Genetic Testing Can Help Guide Ovarian Cancer Treatment Decisions
“Certain individuals with ovarian cancer, if they proceed with genetic testing and they test positive in specific genes, they might benefit the most from having PARP inhibitor medicine prescribed for them as treatment for their ovarian cancer,” says Lauren Mills, a genetic counselor at UT Health San Antonio, adding that women who test negative for mutations in these specific genes may also benefit from PARP inhibitors.
How Genetic Testing Determines Treatment in Lung Cancer
And when it comes to lung cancer, genetic testing can reveal the presence of certain genetic mutations — including KRAS, ALK, EGFR and a number of others — which can help doctors tailor treatment for each person’s specific disease.
Overall, genetic testing can be a great way to better understand your risk of developing certain cancers as well as best potential treatment options if you’ve been diagnosed with a certain cancer.

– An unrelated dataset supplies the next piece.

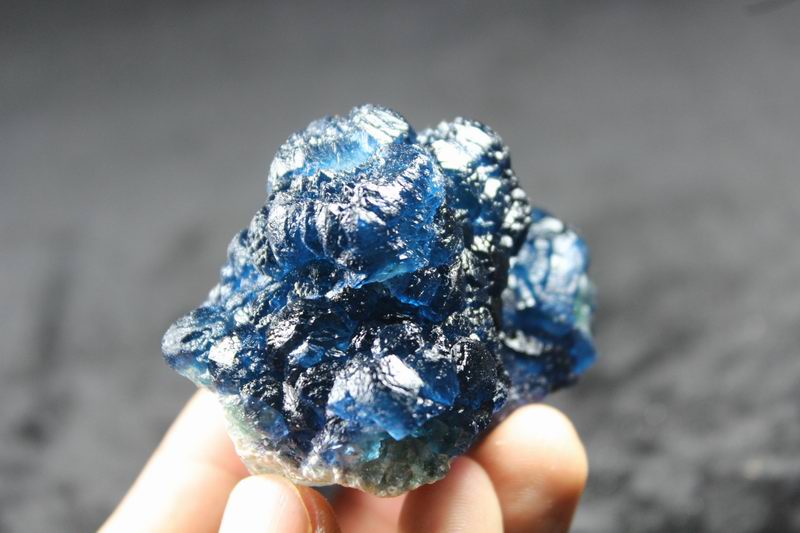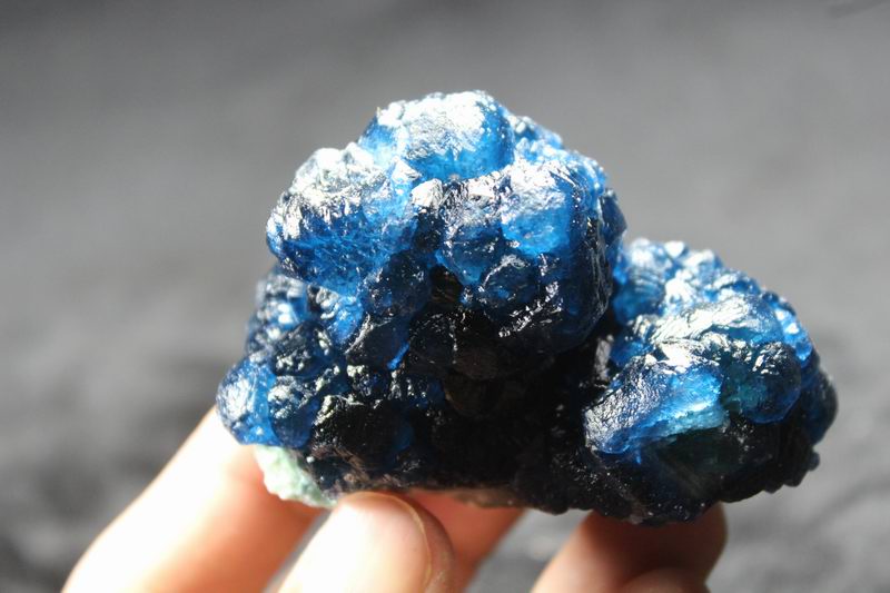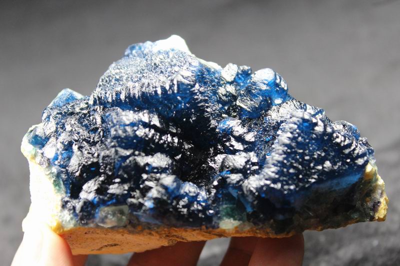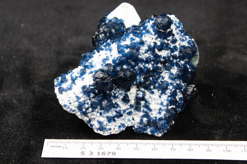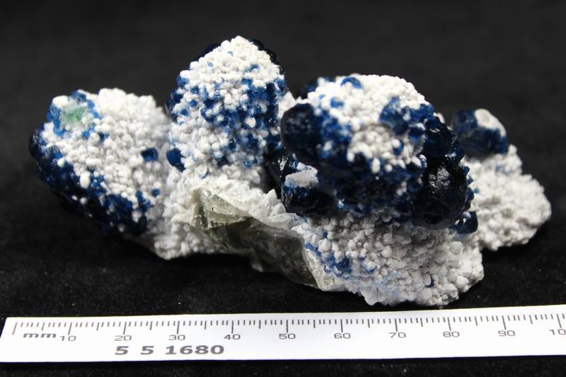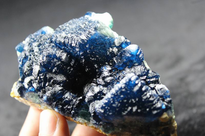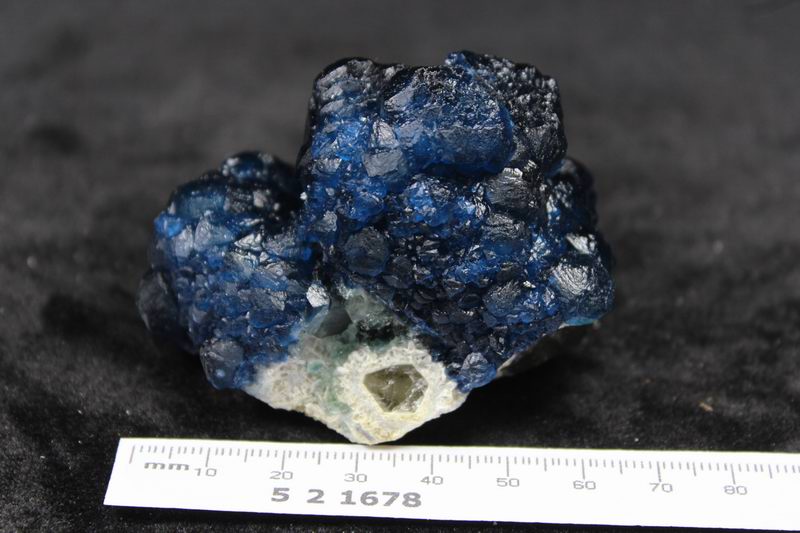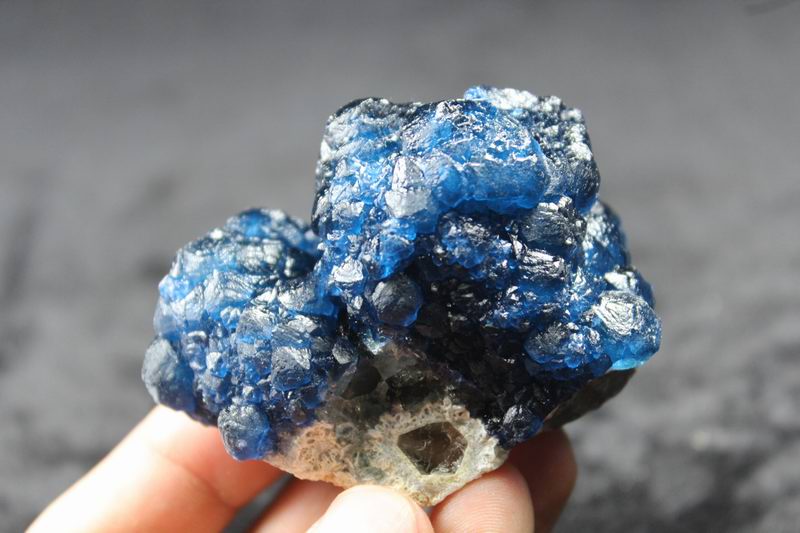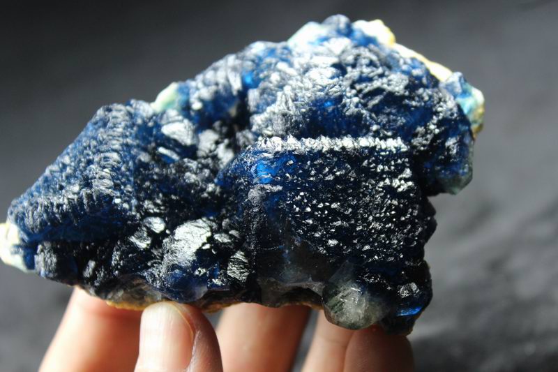 Vivid deep blue Fluorite crystals, with shades that vary between indigo and navy blue on a matrix of white crystallized Quartz. The smaller Fluorite crystals are neatly cubic, with small dodecahedron bevels and with very well defined curvatures on faces and edges, while the largest ones are unusually strongly rounded, a very uncommon shape for Fluorite. This shape is due to the balanced forms of the cube, polycrystalline and deeply edged, and the smooth dodecahedral faces, both dodecahedron and cube have curved faces and edges. Completely different from other, previous finds in Huanggang, it is a kind of dream for lovers of unusual crystallography.

But people should be aware that direct-to-consumer genetic testing companies like 23andMe do not give you the in-depth genetic analysis needed to fully understand your cancer risk.
Buyer Beware: Direct-to-Consumer Genetic Testing
Dr. Ginsburg says the tests can identify BRCA1 and BRCA2 mutations in Ashkenazi Jews at a very superficial level, for instance, as they test only a fraction of the genes’ thousands of mutations. Dr. Ginsburg warns “buyer beware” because you could end up with a false sense of reassurance.
“For this reason, we really encourage people to seek proper genetic counseling from a certified genetic counselor, even if it’s a commercial laboratory that can provide such a service over the phone,” Dr. Ginsberg said, adding that insurance companies will likely cover the genetic tests done by a healthcare professional if you’re a high-risk profile for breast cancer.